State of play: Some leaders say it could ease pressure on Denver, which has been bracing for another surge of arrivals as the weather warms.

  • Immigrant advocates argue, however, the order is inhumane and dangerous.

The big picture: More than 42,000 people from South and Central American countries have arrived in Colorado's capital city since December 2022 — more than any other U.S. city per capita, according to Mayor Mike Johnston — and city resources have been stretched thin addressing the crisis.

The latest: Biden's executive order, announced Tuesday, allows him to drastically limit the number of people entering the U.S. from the southern border.

  • Border officials will be able to rapidly turn back migrants — without giving them a chance at asylum — when illegal border crossings reach an average of 2,500 a day.
  • There have been an average of 3,700 illegal crossings a day over the last three weeks, according to internal stats obtained by Axios — so the order could go into effect immediately.

What they're saying: In a statement, Colorado Democratic Gov. Jared Polis said he "applauds" Biden for "stepping up to meaningfully address immigration challenges," but urged Congress once again to take further action to "reform our broken immigration system."

The other side: Opponents say the new rule imposes undue hardship on people and families fleeing violence and persecution.

  • "These restrictive measures will negatively impact human beings who are in desperate need of shelter and safety," Gladis Ibarra, co-executive director of the Colorado Immigrant Rights Coalition, said in a statement.
  • Biden's "devastating" move "signals a troubling revival of draconian, xenophobic policies that underscore the mainstreaming of anti-immigrant views," Lindsay Schubiner, program director at Western States Center, told Axios Denver in a statement.

By the numbers: A new report from the conservative-leaning Common Sense Institute estimates that metro-area cities, education and health care organizations have spent between $216 million and $340 million responding to the emergency.

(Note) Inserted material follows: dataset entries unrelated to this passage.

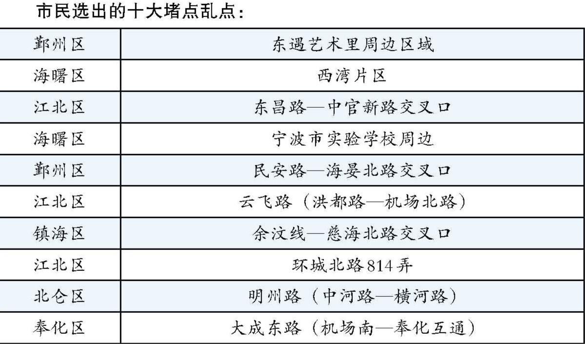 通過強(qiáng)化對“民選民評”堵點(diǎn)亂點(diǎn)的治理,寧波將進(jìn)一步改善城市交通擁堵狀況,持續(xù)提升人民群眾滿意度,推動(dòng)全市交通擁堵治理成效再上新臺(tái)階。
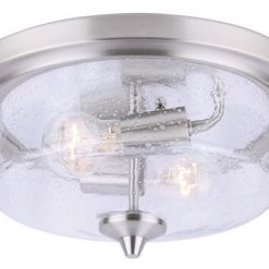 The vintage style of the Patriot Lighting® Caylon collection gives a beautifully modern treatment to the familiarity and comfort of home lighting. Caylon collection is sure to find a place in your decor with a clean brushed nickel finish and uniquely shaped seeded glass shades. Create a feeling of harmony throughout your home with additional coordinating Caylon light fixtures (sold separately). Complete the industrial feel by adding vintage style bulbs.
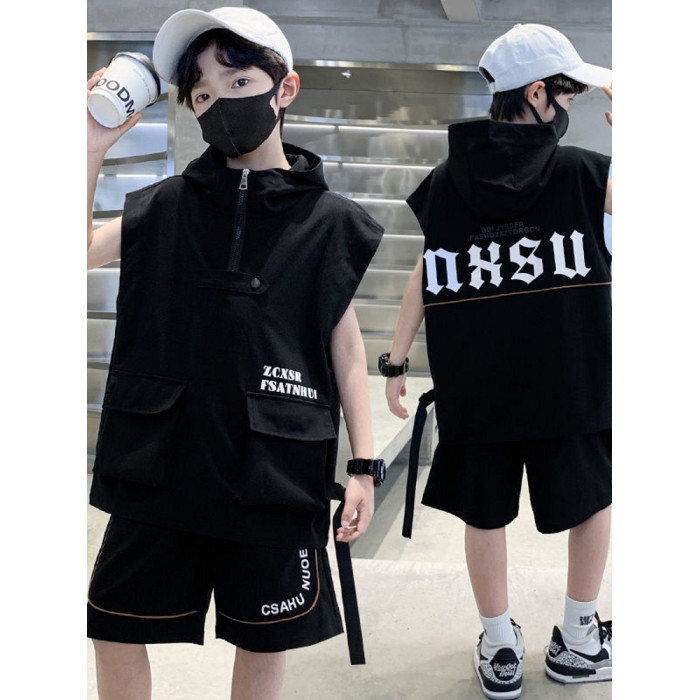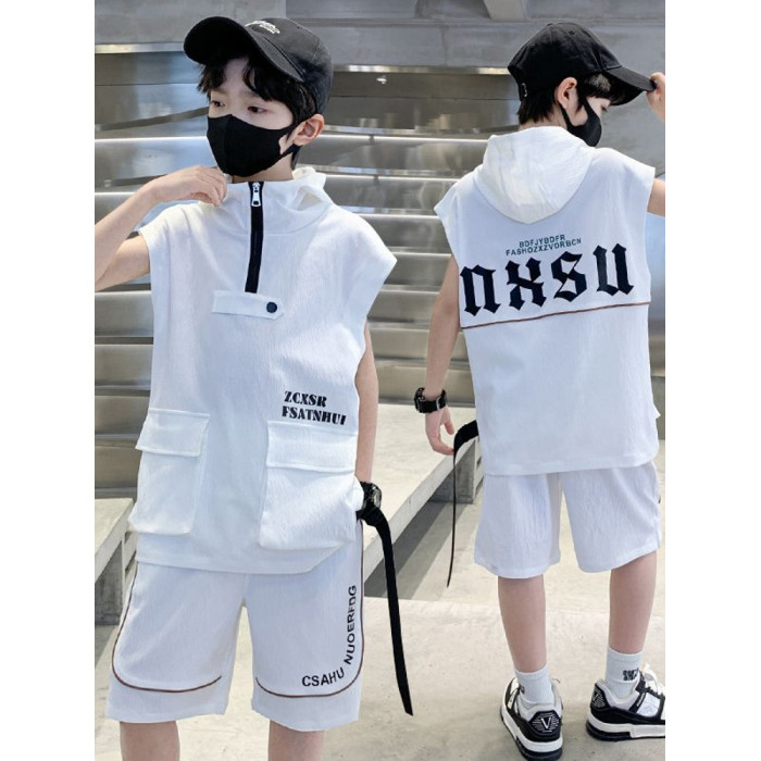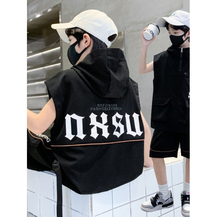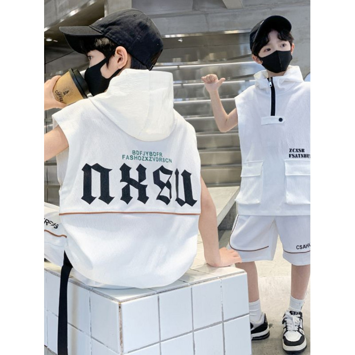 安哼安哼5男童運動連帽背心套裝2025新款夏季兒童帥氣無袖T恤短褲
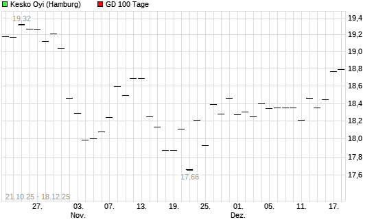 Mit dem Anstieg auf 18,66 EUR hat die Kesko B-Aktie am 17.12.2025 die 100-Tage-Linie nach oben gekreuzt.

Flashback: After hitting a peak of 5,200 newcomers in January, Denver rolled out a new immigration strategy in April, part of which included sending city officials to the U.S.-Mexico border to tell them the mayor's arms-wide-open approach had ended.

  • The city is now focusing on its "asylum-seeker program" to provide roughly 1,000 people a path to work and independence complete with six months of rent, food assistance and job support, while significantly limiting help for everyone else.

What's next: Denver officials will "closely monitor" any impacts the executive order has in the city and, in the meantime, "stay focused on what we are able to control, including our recent pivot away from emergency operations to a more sustainable programmatic approach," Denver Human Services spokesperson Jon Ewing tells us.

Editor's note: This story has been updated with new information throughout.